Seeking a balanced trade flow

Greece wants to expand its trade relations with Turkey but is worried over its growing deficit in the bilateral trade relations, high-ranking Greek officials told their Turkish counterparts at an Athens meeting yesterday. Deputy Foreign Minister Evripidis Stylianidis, who is in charge of foreign trade relations, told Turkish Deputy Foreign Trade Minister Tuncer Kayalar that, in the coming years, the Greek trade deficit should be taken care of and that bilateral trade relations should be more balanced, as in the past. Bilateral trade relations have greatly expanded in the past few years, as hostility between the two neighboring countries has abated. In 2004, Greek exports to Turkey were worth $690 million, while Turkish exports to Greece reached $1.2 billion. Stylianidis said there was a lot of room for expanded Greek investments in Turkey, adding that Turkish investments in Greece were also welcome. This was the third meeting of the two countries’ Interministerial Economic Commission, just ahead of a meeting between the two premiers, Recep Tayyip Erdogan and Costas Karamanlis, on Sunday. The two will inaugurate a natural gas pipeline connecting the two countries’ networks, which will, for the first time, bring natural gas from Azerbaijan into Greece.
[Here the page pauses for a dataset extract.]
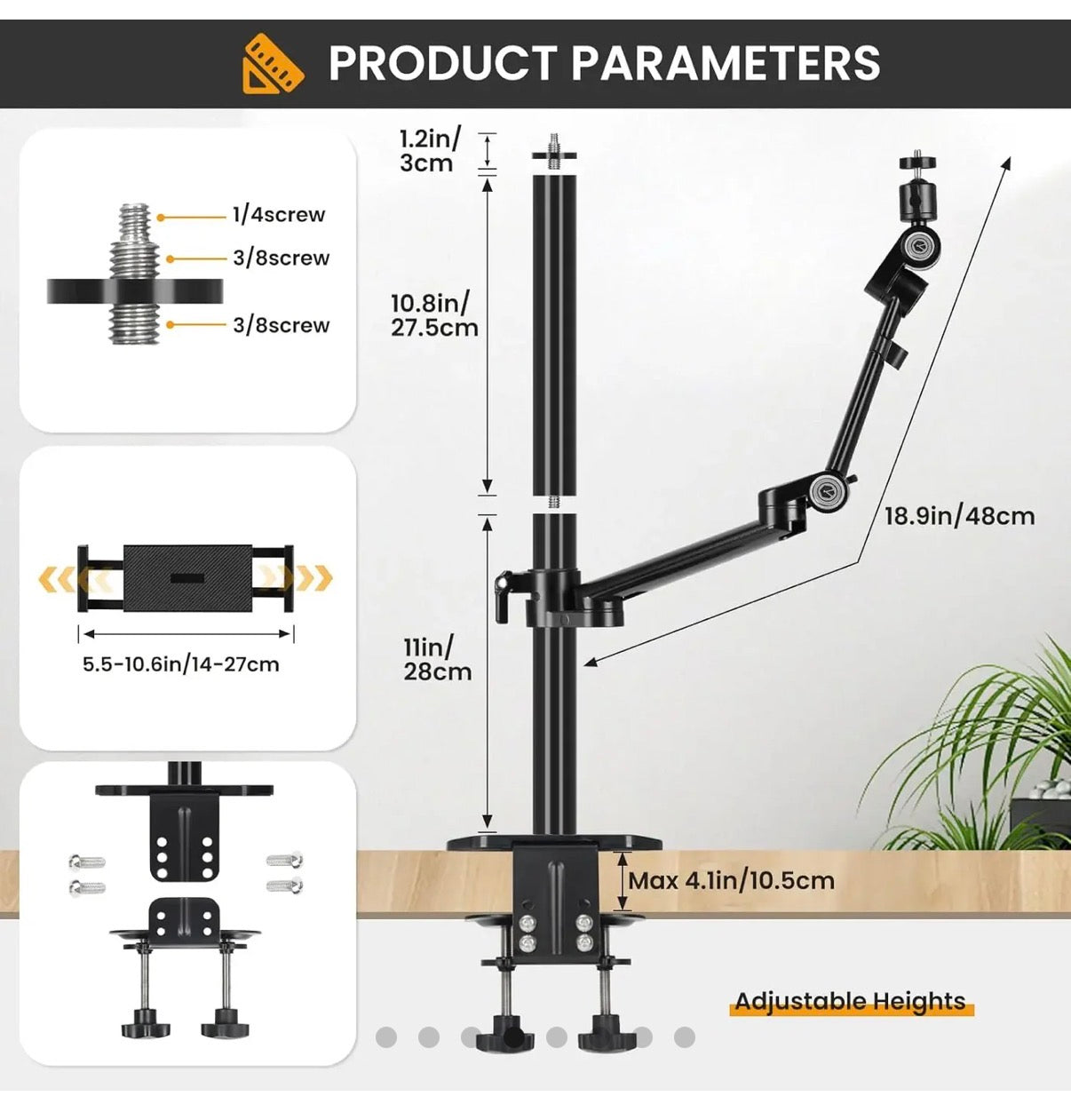 The camera arm desk mount fits a variety of devices and can be easily adjusted for optimal position. It is also equipped with secure clamps for stability, and is made of durable aluminum alloy. Simply connect the clamp and poles, adjust the height, and use the built-in screws for additional equipment.

Until now, Greece imported almost exclusively Russian gas, through an agreement with Gazprom, plus a small amount of liquefied natural gas (LNG) from Algeria. Plans to build a pipeline connecting Greece and Italy will also help bring Azerbaijan’s gas to Western European countries. Stylianidis said that the two countries will complete the interconnection of their power grids by the end of 2006. Greece and Turkey also explored cooperation in renewable energy sources. Kayalar asked that Greece reconsider its stance on demanding visas for visiting Turkish citizens, saying there was considerable interest from prospective Turkish tourist. However, Greece cannot act unilaterally because it is bound by the terms of the Schengen Agreement. A few years back, Turkey abolished visas for visiting Greeks. Last year, about 500,000 Greeks visited Turkey.